Proces kobiety ciągnął się latami. Początkowo dzieciobójczyni usłyszała wyrok 25 lat więzienia. Pomimo makabrycznych ustaleń biegłych, którzy udowodnili przed sądem, że dwoje z trzech dzieci na pewno żyło po porodzie i zastały uduszone, to kolejne sądy były dla niej łaskawe i zmniejszały wyrok . W konsekwencji usłyszała 15 lat za zabójstwo swoich trzech synków.

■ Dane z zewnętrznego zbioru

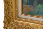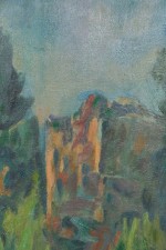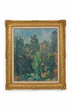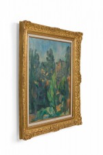 Copy of an impressionist vertical landscape titled "Bibemus Quarry" of forest with rock outcropping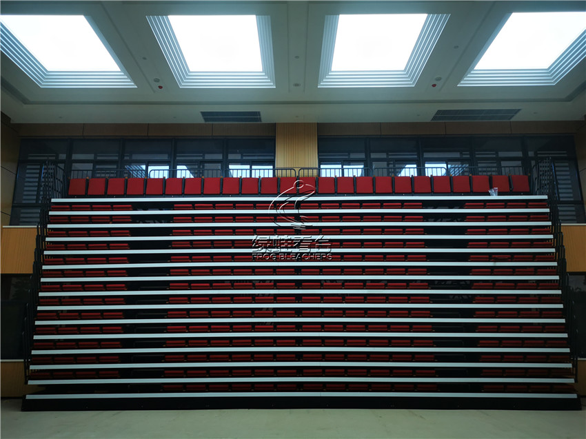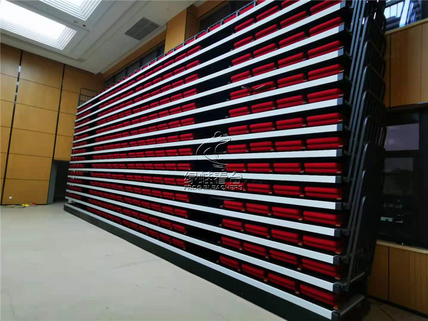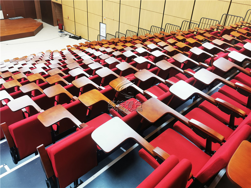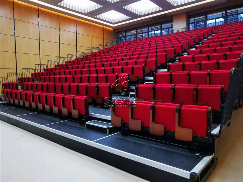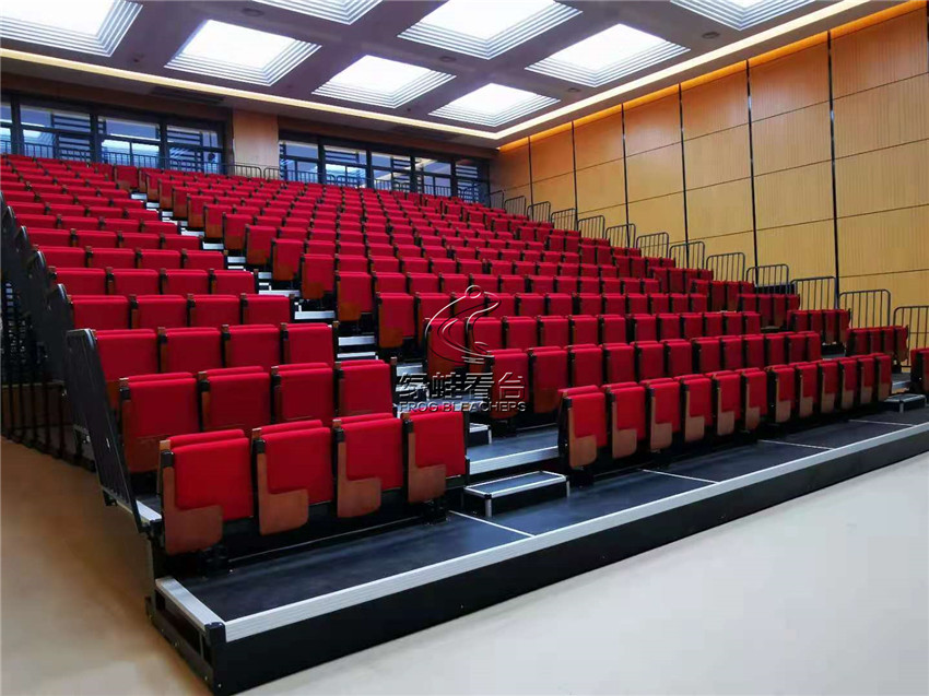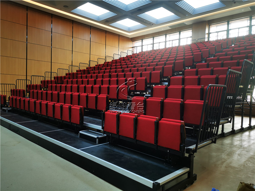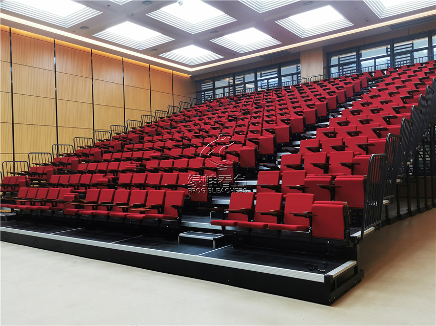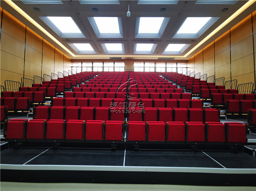 綠蛙看臺承接了福建省疾病預防控制中心會議室的看臺搭建調試項目,選用了電動式伸縮看臺,后置式折疊翻板軟包座椅共304位,步道28級。看臺座椅采用包棉沙發椅,帶扶手帶寫字板,后置式安裝方式,帶寫字板的座位設計,方便參與會議時做記錄,收起之后不占用過多的空間位置

Policjanci zajęli się sprawą i przeszukali dom Lucyny D. Tam dokonali makabrycznego odkrycia. W zamrażarce były ciała trzech chłopców. Kobieta urodziła trzech synów, kolejno w 2009, 2010 i 2013 r. Każdego z nich miała udusić chwilę po porodzie. W toku śledztwa chłopcom nadano imiona: Andrzej, Antoni i Hubert. Lucyna D. nie przyznała do makabrycznych zbrodni, lecz do nieumyślnego spowodowania śmierci. Kobieta tłumaczyła, że nie chciała się rozstać ze swoimi dziećmi i dlatego trzymała ich ciała w zamrażarce.
Sprawą okrutnych czynów Lucyny D. sądy zajmują się od lat. We wrześniu 2014 r. kobieta została skazana na 25 lat więzienia. Obrońcy kobiety zaskarżyli wyrok. W grudniu 2015 r. zapadł kolejny wyrok w tej szokującej sprawie. Wyrok Lucyny D. skrócono do 15 lat więzienia. I ten wyrok obrona kobiety zaskarżyła.

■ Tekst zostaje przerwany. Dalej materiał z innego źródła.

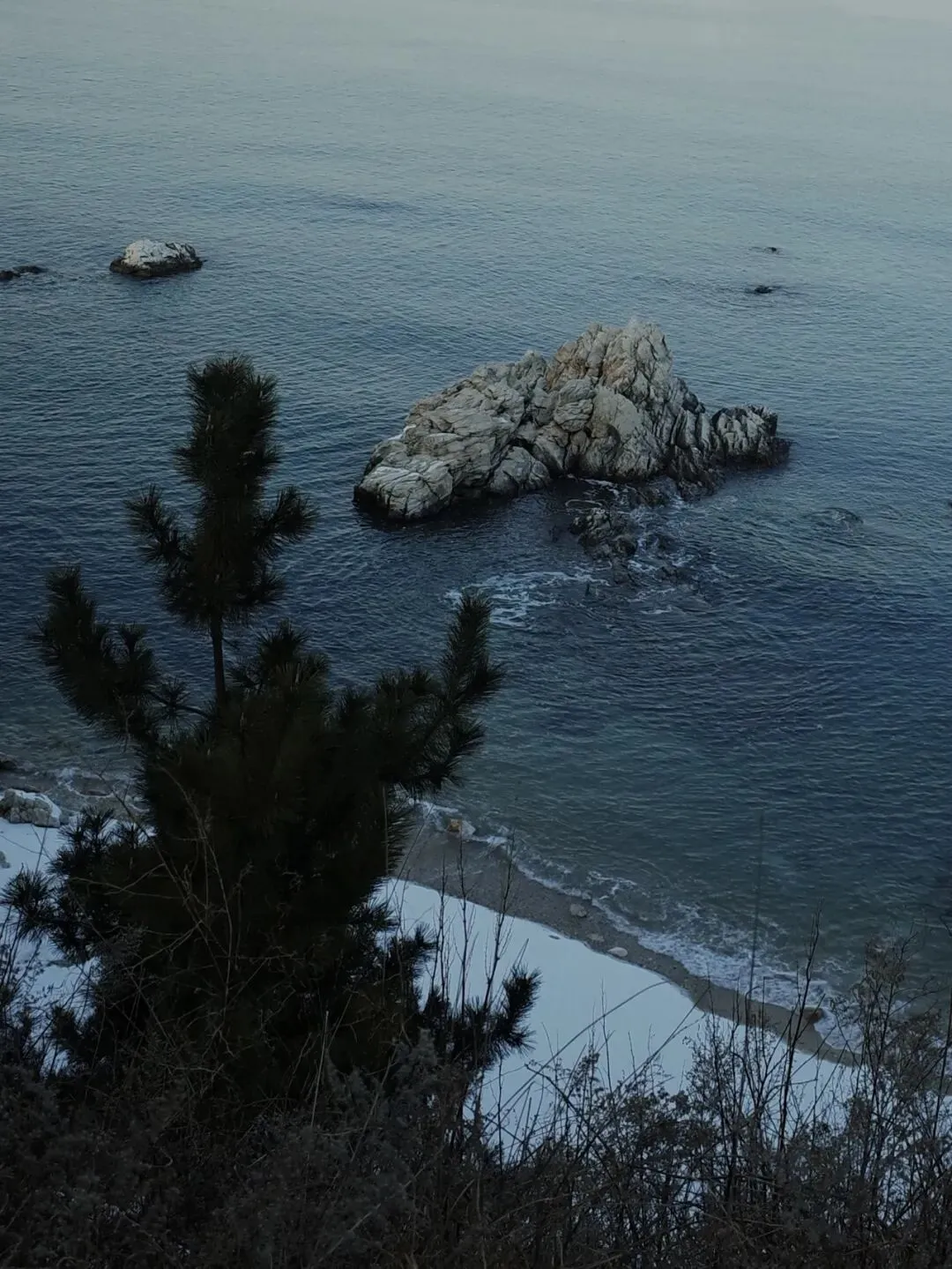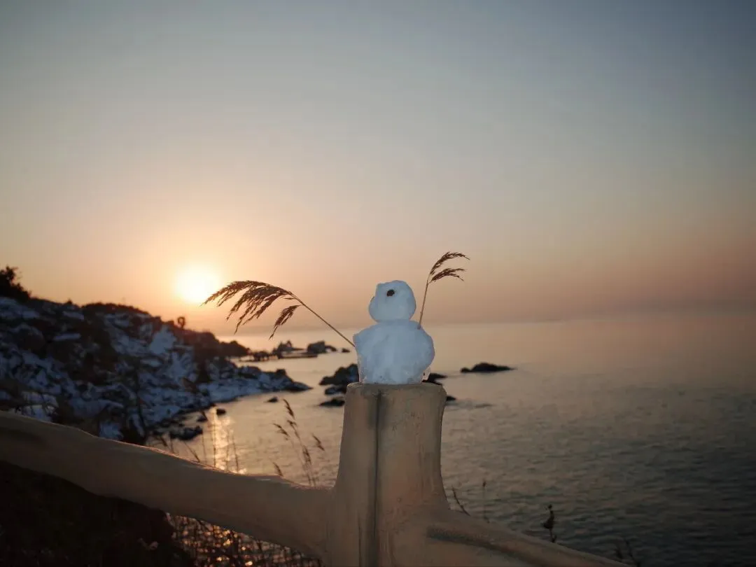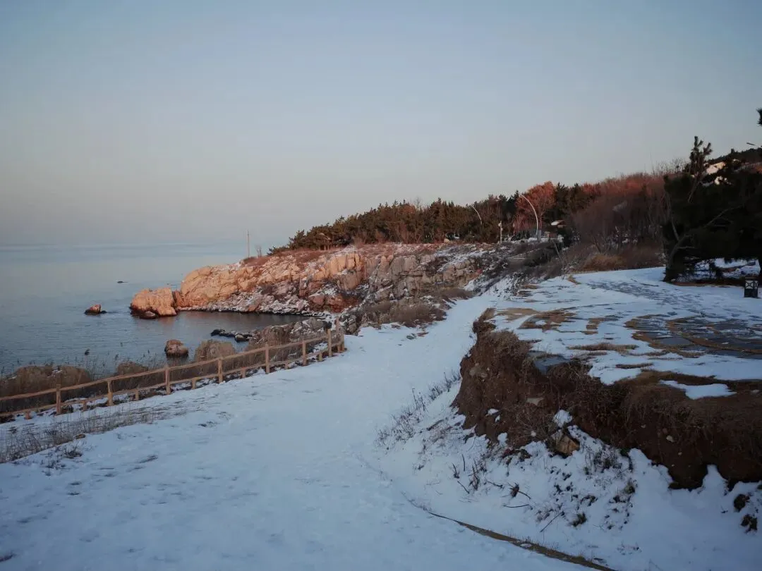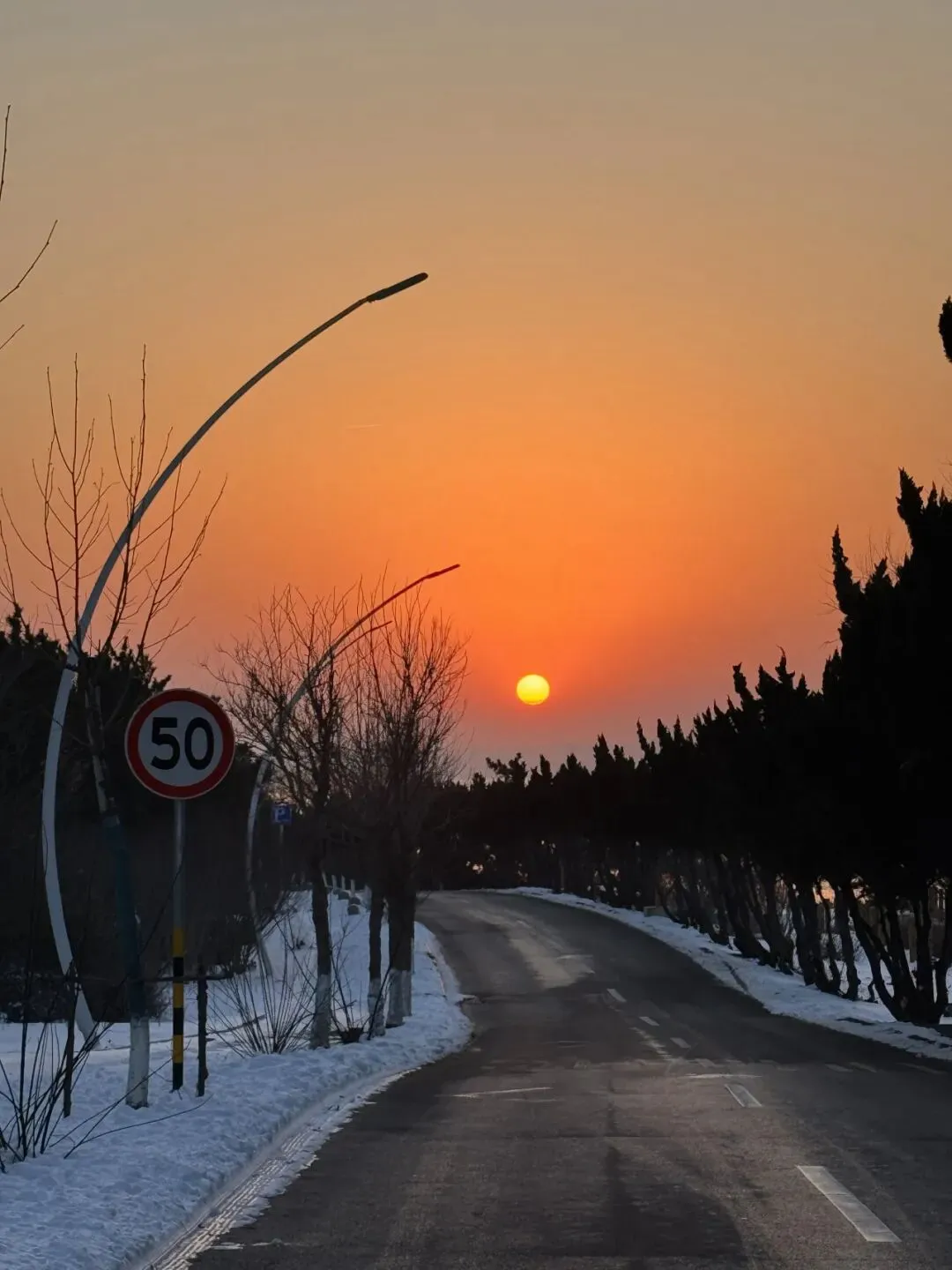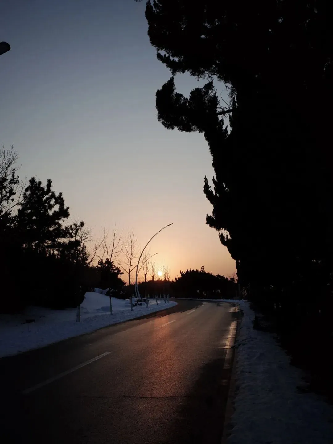 岛上日落只是一瞬间的事,当我在养马岛一处海滩看到太阳燃烧起来变成了热烈的橙色,知道白日将尽,此刻我想尽快赶往一个叫莲花夕照的点位去看日落,但在途中又被公路上的景致迷得走不动:青黑色的公路在雪地里延伸,夕光温柔地倾泻下来,路边松树迎着风的触角披上金色头纱。就这样,我把车停了下来静静看着。就这样,刚下午五点半,路灯亮起,黑夜突然就降临了,大海陷入黑暗中。

W 2017 r. Sąd Okręgowy w Elblągu zakończył trzeci proces Lucyny D. Kobieta została uznana za winną śmierci trzech synów. Uznano, że jedno z dzieci kobieta zabiła z zamiarem ewentualnym, za co skazano ją na 8 lat więzienia. Pozostałą dwójkę pozbawiła życia celowo, za co dostała karę 12 i 13 lat. Łącznie sąd skazał Lucynę D. na 15 lat więzienia.
Lucyna D. Do samego końca utrzymywała, że wszystko robiła nieświadomie i wnosiła o uniewinnienie. Ostatecznie wyrok się uprawomocnił, a dzieciobójczyni już odlicza dni kiedy zza krat wyjdzie na wolność. Sąd wydając wyrok zastrzegł, że po odbyciu 12 lat będzie mogła ubiegać się o przedterminowe zwolnienie. Śledczy nie doszukali się współwinnych tej makabry i to pomimo, że Lucyna D. latami trzymała swoje zabite dzieci w zamrażalce, która stała w kuchni i korzystała z niej cała rodzina - troje dzieci i mąż Janusz D.!
Mimo upływu lat, w rodzinnej Lubawie, gdzie mieszkała Lucyna D. dalej wszyscy pamiętają dzień aresztowania kobiety, ale pytając o szczegóły nie chcą do tego wracać. Są jednak zgodni, że za to zrobiła usłyszała za niski wyrok. - Nie chciała tych dzieci, mogła oddać, wiele par chce mieć dzieciątko, a nie może- mówi sąsiadka kobiety. - Nie wyobrażam sobie, że za dwa lata ona tu do naszego miasteczka wróci, tak jakby nigdy nic. Nie po tym co się stało - mówi mieszkanka Lubawy.